House GOP Embraced Politically Suicidal Medicare Repeal Plan With Eyes Wide Open To Its Unpopularity

Glen Thrush and Jake Sherman have a very interesting Politico article noting that House Republicans weren’t confused about the unpopularity of the budget plan they voted for earlier this year. Pollsters told them that eliminating Medicare wouldn’t sit well with the voters:

No matter how favorably pollsters with the Tarrance Group or other firms spun the bill in their pitch — casting it as the only path to saving the beloved health entitlement for seniors — the Ryan budget’s approval rating barely budged above the high 30s or its disapproval below 50 percent, according to a Republican operative familiar with the presentation.

What’s more, not only did House Republicans know this, but many of them drew the conclusion that this meant they shouldn’t push Medicare repeal:

The outward unity projected by House Republicans masked weeks of fierce debate, even infighting, and doubt over a measure that stands virtually no chance of becoming law. In a series of heated closed-door exchanges, dissenters, led by Ryan’s main internal rival — House Ways and Means Committee Chairman Dave Camp (R-Mich.) — argued for a less radical, more bipartisan approach, GOP staffers say.


But amazingly, Camp (and others) agreed to go along with it even though a minority of Republicans plus all Democrats could have easily blocked Medicare repeal if they wanted to:

At a fundraiser shortly after the vote, a frustrated Camp groused, “We shouldn’t have done it” and that he was “overridden,” according to a person in attendance.

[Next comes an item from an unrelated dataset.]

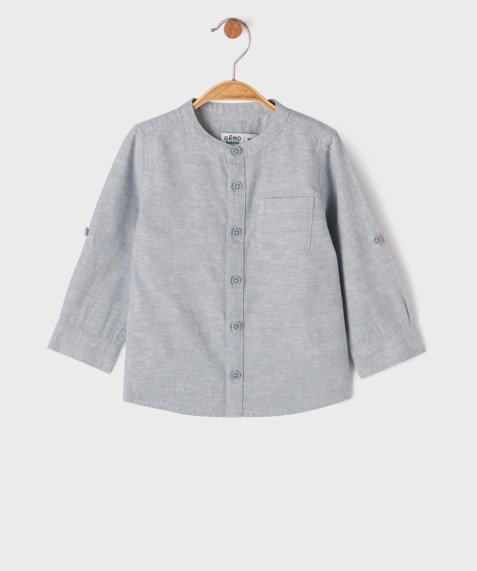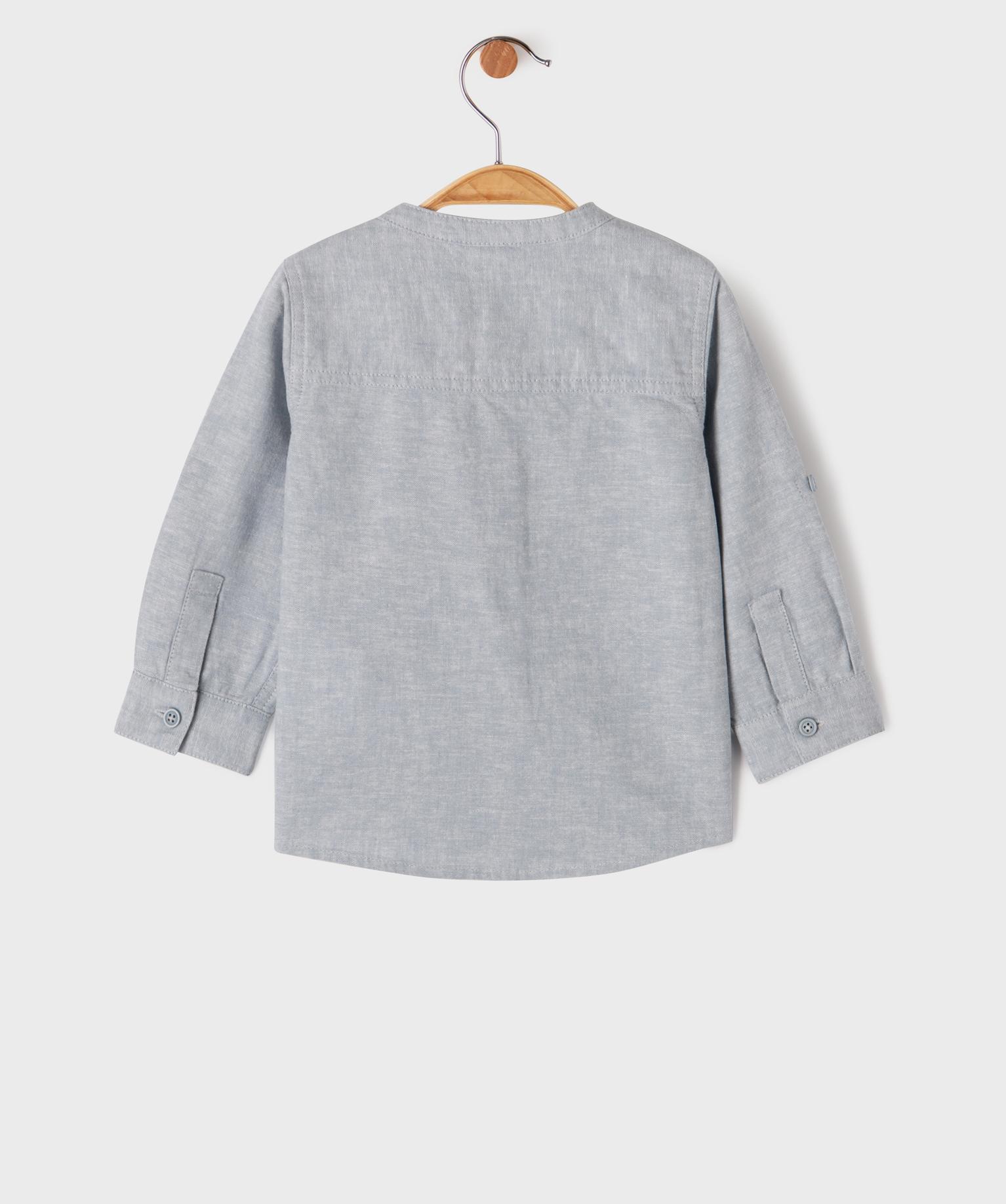 Chemise manches longues à col mao en lin et coton bébé garçon bleu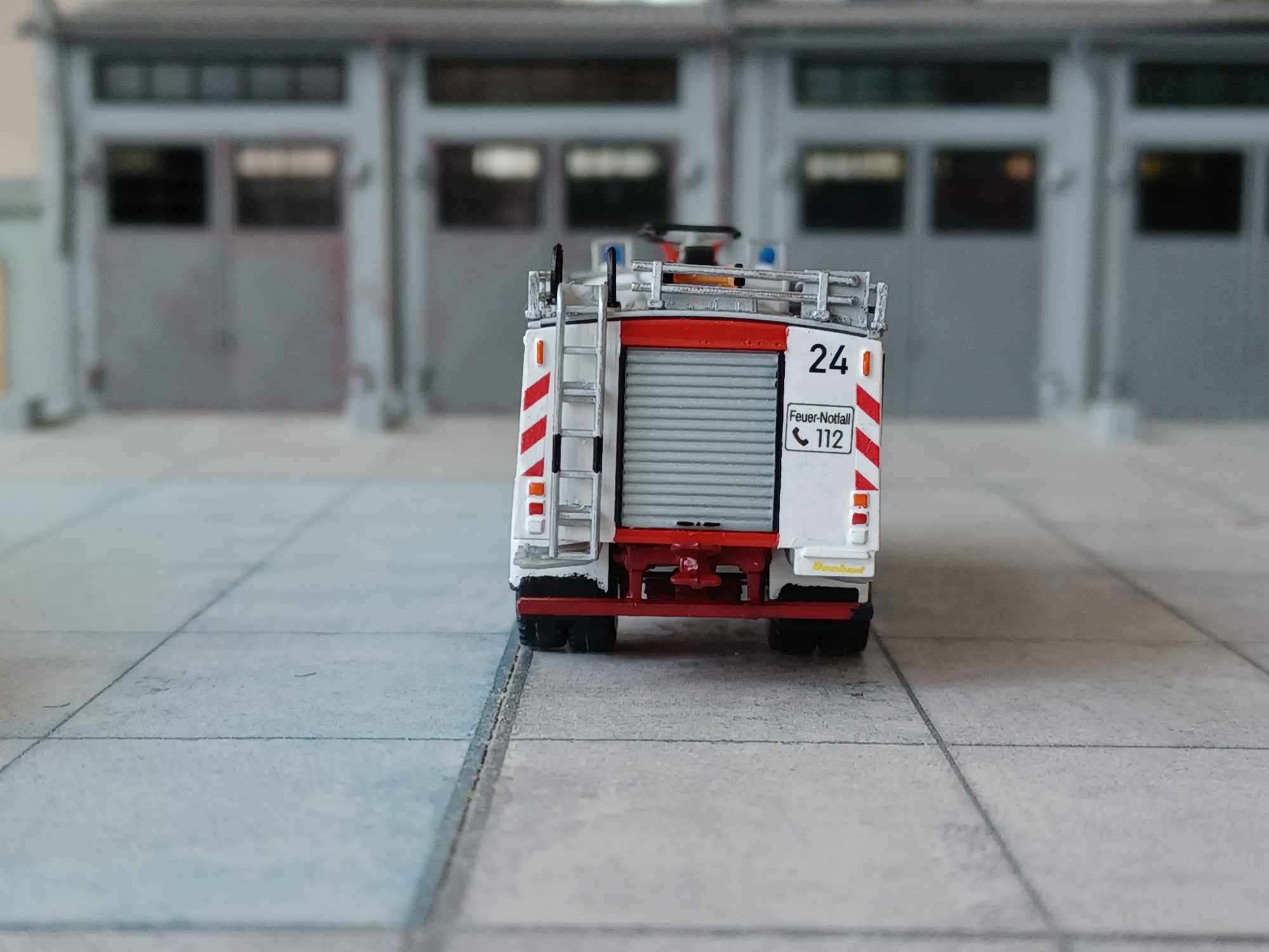 Das Modell entstand aus einem Preiser WAF Bausatz und dem Aufbau vom TLF 24/50. Vorne entsprechend gekürzt und mit Riffelblechplatte verschlossen. Dazu Kleinteile und Decals

All put together, it’s a fascinating picture of the emergence of very strong party discipline of the sort that hasn’t traditionally existed in the United States and continues not to exist in the Democratic caucus. In lots of countries the way things work is that once a party caucus has decided on a position, all members vote for it even if in the intra-caucus dispute they didn’t want to adopt that position. But American parties don’t normally work this way. Camp, however, seems to be saying that the House GOP now does. Indeed, party decision-making is sufficiently centralized that discipline can be imposed even when the members are well-aware that the line people being made to toe is unpopular. One of the unfortunate things about the political media’s commitment to “balanced” coverage is that not only do reporters generally feel impelled to always act as if the two parties are normatively symmetrical there also seems to be a reluctance to explore the systematic asymmetries between the parties in an even merely descriptive sense. As a result, we know less about the differences in these disciplinary dynamics, their sources, and their implications than we really ought to.